10 days ago, I removed the queen and 5 frames into a temporary nuc.
Then I chose some of the tiniest larva I could see, and tore down the cell walls below them to simulate a queen cell.
We had rotten weather, so I moved the nuc with the queen into my garage(I was afraid there was not enough bees to keep themselves warm)
After 3 full days, the nuc was reunited with the original hive, on the bottom board, with a queen excluder on top, then the rest of the hive.
4 days ago I pulled out the frame that had been prepped by cutting off the lower cell walls,,,, they were almost 100% repaired, with large grubs or capped brood! Oh well, my bees must not be on the 'net or read the same books I do.....

Or they were not queenless. Many hives have more than one queen in them...

> So today, I make the split, find the queen, and some emerging brood and stuff and move her out for good,
And on the bottom edge of drone comb, drone only, no capped workers,
Is 2 nicely capped queen cells.
How were fertilized eggs THERE ?

You don't explain why you think there couldn't be. It's on the other side of the excluder from the queen? 10 days ago she was laying here. 10 days ago they could have been eggs and 6 days from now they could emerge.

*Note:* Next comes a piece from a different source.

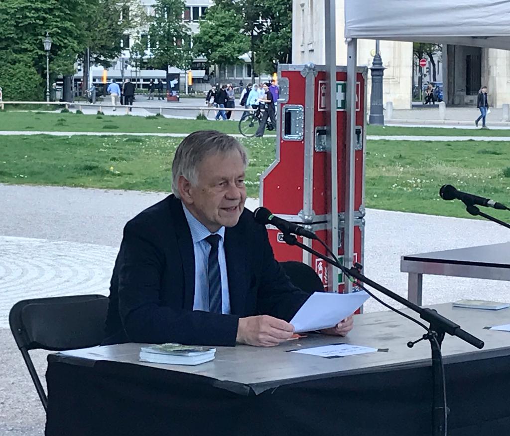 MÜNCHEN, 10. Mai 2022 – Am Dienstag, den 10. Mai 2022, findet auf dem Königsplatz in München wieder die alljährliche öffentliche Lesung „verbrannter Bücher“ in der Zeit von 10-18 Uhr statt. Organisator ist der bekannte Aktionskünstler Wolfram P. Kastner, der seit 1995 mit einem Brandfleck auf dem Rasen und einer Lesung an die Bücherverbrennung des Jahres 1933 dort erinnert. Karl Freller, Direktor der Stiftung Bayerische Gedenkstätten, wählte in diesem Jahr für seinen Lesebeitrag das Werk „Reisen in die Ukraine und nach Russland“ des jüdischen Autors Joseph Roth.

The typical argument for them moving eggs is finding eggs on the other side of an excluder. This is often from another queen or a laying worker. A queenright booming hive has about 60 laying workers on the average. Then if they are fertile eggs on the other side of the excluder they think that proves they were moved. But you are still assuming a mechanism that has been watched for and experiments set up to try to prove and yet has never been observed, rather than one that, even if there was not another queen, has been observed and documented--Thelytoky.